Vancouver, Canada and Lima, Peru - (September 2, 2009) Rio Cristal Resources Corporation (TSXV:RCZ) ("Rio Cristal” or the "Company") announced today that it has signed a binding Letter of Intent (“LOI”) to enter into an Option Agreement (“Agreement”) to acquire the 2,400 hectare Condor early stage gold project (“Condor” “the Project”) in southern Peru.  The LOI was entered into with a group of five individuals who hold the rights to the Condor concessions.

The Condor project consists of concessions totaling approximately 2,400 hectares located in the Nasca region of Peru.  The Project is approximately 420 kilometers south of Lima and just 40 kilometers from the Pan-American highway.  The Project’s altitude varies from an estimated 800 meters to 3,000 meters.

Thomas Findley, President and CEO of Rio Cristal, said “adding an early stage exploration project like Condor is an important step as we implement our project diversification strategy of acquiring gold and copper properties.”  Under the LOI, the Company will pay US$5,000 for the exclusive right to conduct technical and legal due diligence over a 60 day period.

The terms of the LOI call for the Company to acquire a 100% interest in the Condor project through a series of cash and share payments over a four year period totaling US$880,000 (US$20,000 upon signing the Option Agreement) and 1,700,000 Rio Cristal common shares (200,000 shares upon signing the option agreement).  The agreement also grants the owners a 2% net profits interest which may be bought out for US$3,000,000.  In addition the Company must spend US$900,000 in exploration activities on the property over the same four year period ($150,000 in the first year).  The Agreement is subject to approval by the TSX-Venture Exchange.

Condor represents a quartzite-hosted, epithermal gold system where detailed channel sampling reportedly contains up to 16 meters averaging greater than 6.0 grams per tonne gold and 100 meters averaging greater than 1.0 grams per tonne gold within intensively fractured and oxidized quartzite beds.  Mineralization appears to be controlled by broad structural corridors which represent potential for low-cost open pit mining and heap leach extraction.  Due diligence will confirm these results prior to entering into a formal agreement.

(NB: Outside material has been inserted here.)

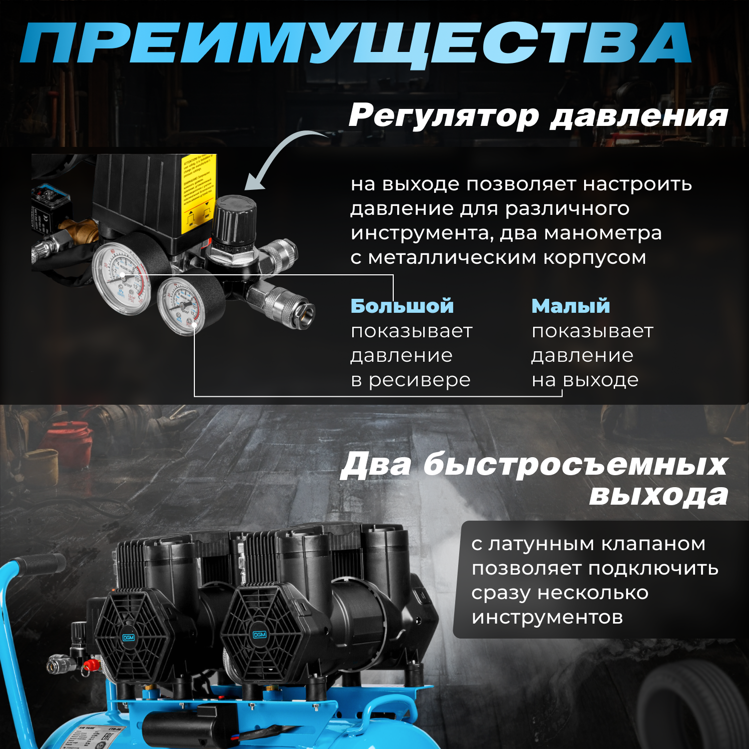 Отзывы на Компрессор воздушный безмасляный DGM AC-450F (520 л/мин, 8 атм, коаксиальный, ресив. 50 л, 230 В, 3 кВт) (DG2720-5)

About Rio Cristal Resources Corporation
 
Rio Cristal Resources is a Canadian corporation focused on the discovery and further development of gold, copper and zinc deposits in Peru. The principal asset of RCR is the Charlotte Bongará claim block located in northern Peru within an emerging Mississippi Valley-type zinc district. Additional information can be found on the Company’s website, www.riocristalzinc.com.
 
For further information please contact Ross Knutson at:
Telephone: (778) 588-6880
Toll Free: (866) 609-9644
Fax: (604) 609-9946

This news release includes certain "forward-looking statements" under applicable Canadian securities legislation. All statements other than statements of historical fact included in this release, including, without limitation, statements regarding potential exploration results, future plans and objectives of the Company are forward-looking statements that involve various risks and uncertainties. There can be no assurance that such statements will prove to be accurate and actual results and future results, events and objectives could differ materially from those anticipated in such statements. Important factors that could cause actual results to differ materially from Rio Cristal’s expectations include exploration and other risks detailed from time to time in the filings made by the Company with securities regulators.

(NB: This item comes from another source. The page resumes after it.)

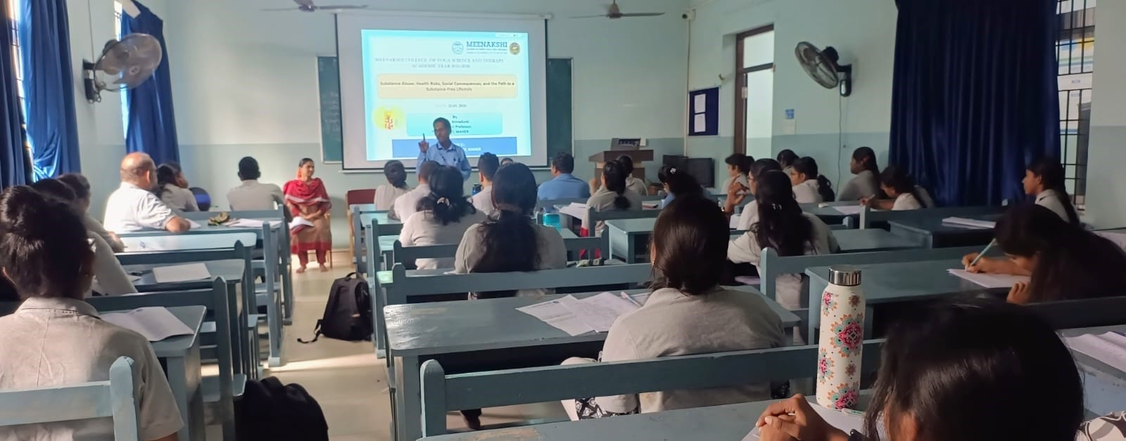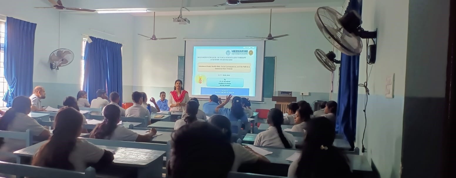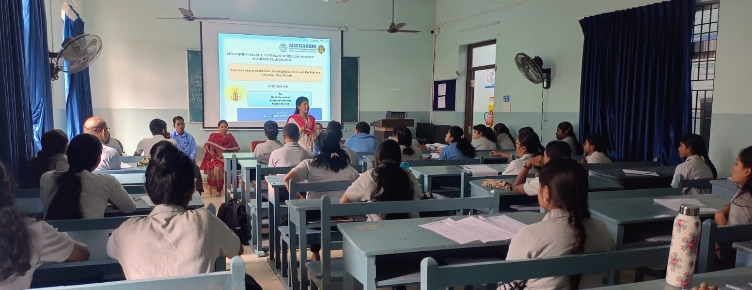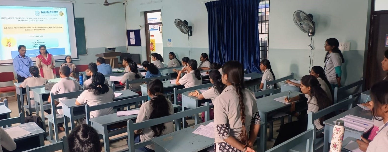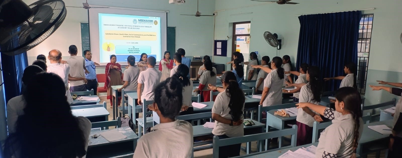 Meenakshi College of Yoga Science and Therapy (MCYST), MAHER, organized the Nasha Mukt Bharat Abhiyaan (NMBA) – Awareness and Pledge-taking Programme on 21 January 2025 with the aim of promoting a drug-free lifestyle and strengthening awareness on substance abuse among the academic community. The programme was conducted as part of the national initiative to empower youth and educational institutions in combating drug and alcohol abuse.

Neither TSX Venture Exchange nor its Regulation Services Provider (as that term is defined in the policies of the TSX Venture Exchange) accepts responsibility for the adequacy or accuracy of this release.

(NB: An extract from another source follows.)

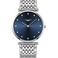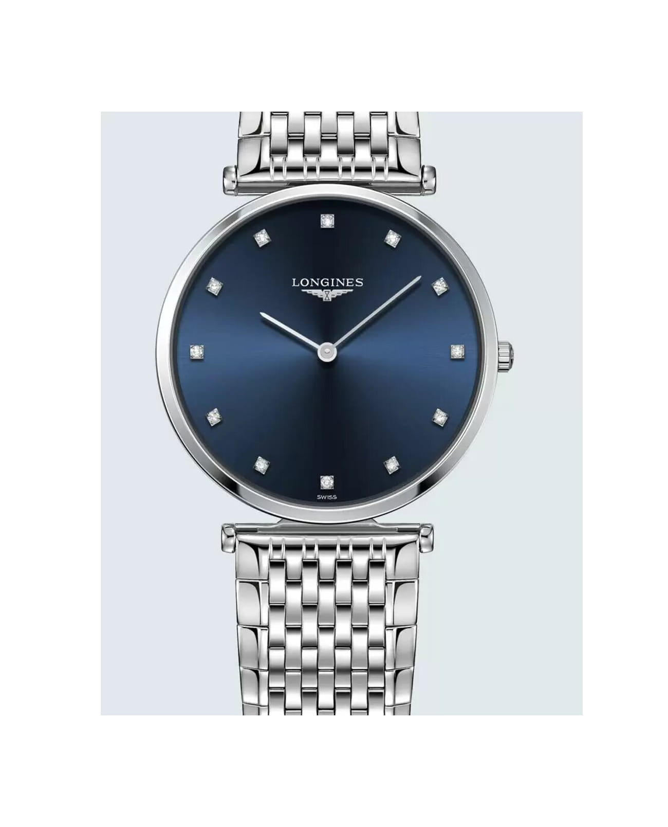 Компактный синий циферблат украшен 12 бриллиантами общим весом 0,081 карата. Элегантным дополнением стал стальной браслет оригинального плетения. Швейцарский кварцевый калибр L420 обеспечивает высокую точность хода. Сапфировое стекло не допускает появления царапин на поверхности.

This news release does not constitute an offer to sell or solicitation of an offer to sell any securities in the United States.  The securities have not been and will not be registered under the United States Securities Act of 1933, as amended (the “U.S. Securities Act”) or any state securities laws and may not be offered or sold within the United States or to U.S. Persons unless registered under the U.S. Securities Act and applicable state securities laws or an exemption from such registration is available.